America also boasts the highest gun ownership rates in the world, estimated at 88.8 guns per 100 people in the 2007 Small Arms Survey.
It’s tempting to assume that countries with high rates of gun ownership will naturally experience high rates of gun violence, but the correlation between homicide rates and firearms prevalence in these figures is surprisingly weak.
Switzerland and Finland both have high rates of gun ownership (although still only half that of the US) but low homicide rates.
Mexico experiences very high numbers of killings but guns are relatively unusual in the general population, if these figures are to be believed.
It’s tempting to remove Mexico as an outlier, given its turbulent recent history, and if we do that a stronger correlation between gun ownership and homicide in OECD countries emerges.
But as we have found before, experts in the US are wary of assuming that tighter gun laws would lead to fewer killings, saying the evidence is inconclusive.
We’ve also found previously that the debate on gun control in America is not helped by a number of bogus statistical claims that are endlessly repeated.
Opponents of gun control sometimes claim that a gun saves a life every 13 seconds in America – a dubious figure that comes from a telephone survey carried out 20 years ago.
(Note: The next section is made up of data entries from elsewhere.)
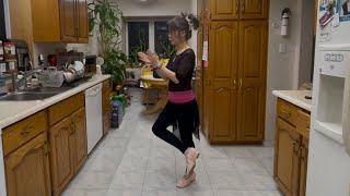 Sec 4: 1/8 L STEP FWD, HITCH, 1/8 R STEP BACK, ¼ R STEP FWD, KICK, BACK, HOOK, HOLD W/CLAPS
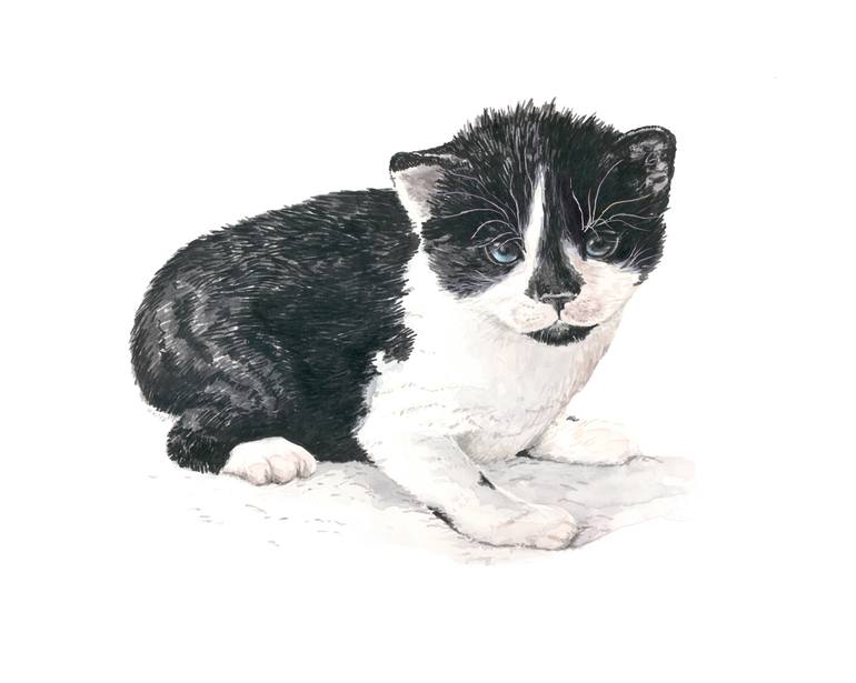 Ogie the kitten painted with artists grade watercolors and Faber Castell ink markers on 100% cotton 300 gms watercolor paper.
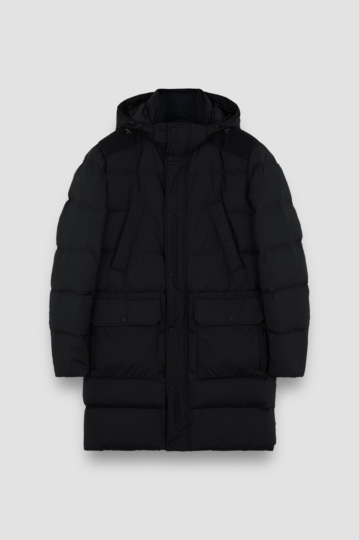 Black elongated quilted down jacket from PAUL&SHARK. - The fabric, created as part of the Save the Sea program, provides thermal insulation, waterproof and windproof properties, comfort and light weight, minimizing the negative impact on the environment. - A straight-cut model with long sleeves, welt and patch pockets, a high collar, a hood with a drawstring, a zip fastening and a windproof flap with buttons. - Thanks to the quilting, the filler is evenly distributed inside the product and retains heat better.
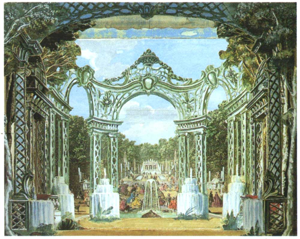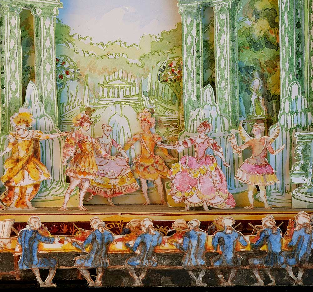 A detail of the 18th century paper theatre. It is based on the works of several artists, but mainly Algieri, Berain and Bibiena
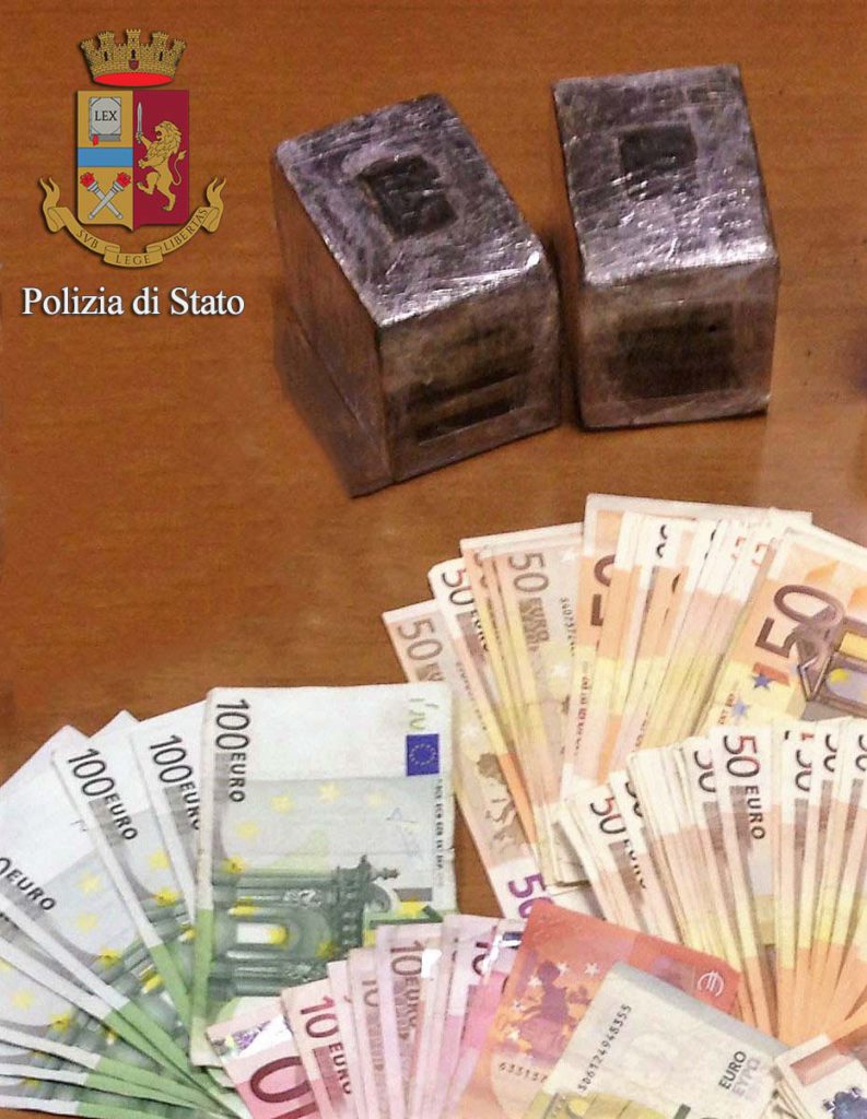 Inoltre, nell’armadio della camera da letto è stata trovata una busta in plastica contenente denaro, oltre 6.000 Euro, ritenuto provento dell’attività di spaccio e quindi sottoposto a sequestro; il cane “Yndira” ha poi indirizzato gli agenti verso un battiscopa in legno annesso alla cucina componibile, al cui interno era stato celato materiale utile al confezionamento e al taglio dello stupefacente, quali coltelli e tagliere entrambi intrisi di Hashish, due bilancini ed altri oggetti utili allo stesso scopo.
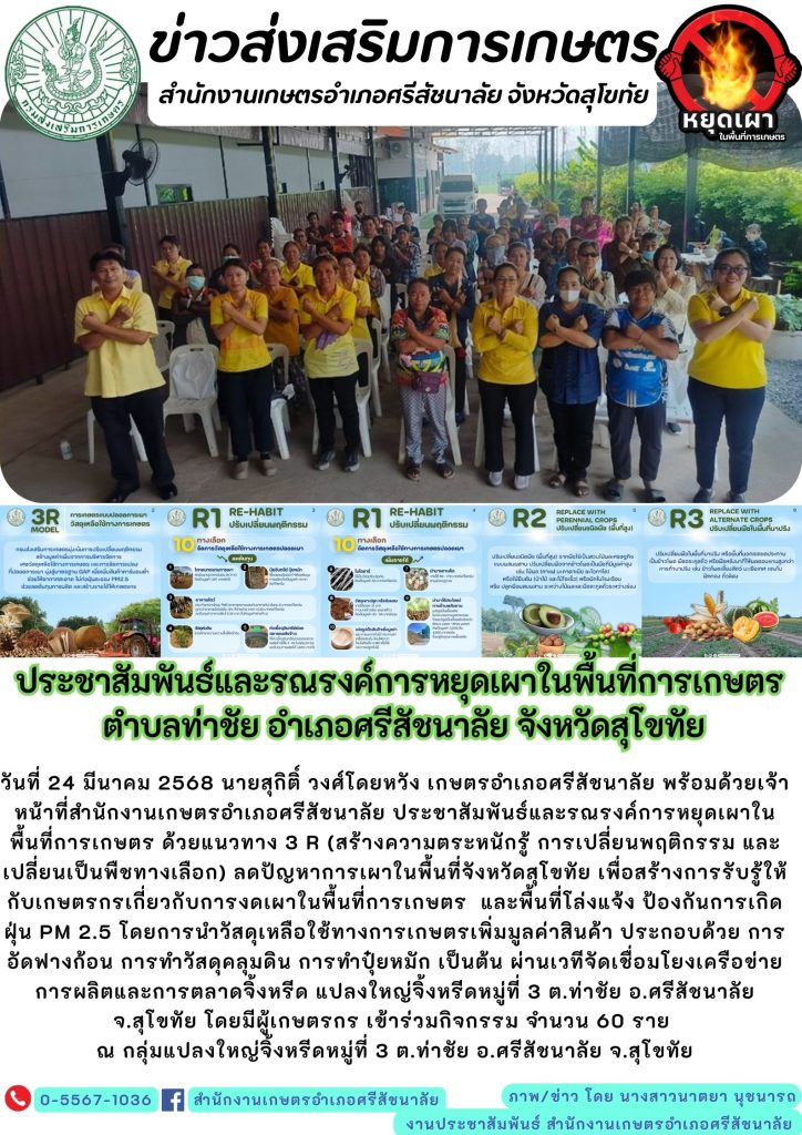 “ประชาสัมพันธ์และรณรงค์การหนุดเผาในพื้นที่การเกษตร ตำบลศรีสัชนาลัย”

About 1 per cent of people phoned said they had recently used a gun to defend themselves, and people have extrapolated from that to come up with a “life saved every 13 seconds”.
But the number looks completely unrealistic when cross-checked against actual crime figures, and it’s a good idea to be sceptical about the things people say in telephone interviews.
In another US telephone survey, 6 per cent of people said that they had made contact with extra-terrestrials.
Gun homicide rates are far higher in America than in Canada, western Europe and in every country in the OECD group of advanced economies except Mexico, where the decade-long “war” on drugs may have claimed more than 100,000 lives.
Rates of gun ownership are the highest in the world too. It seems hard to believe that this can be a coincidence, although there are countries where firearms are common but homicide rates are low.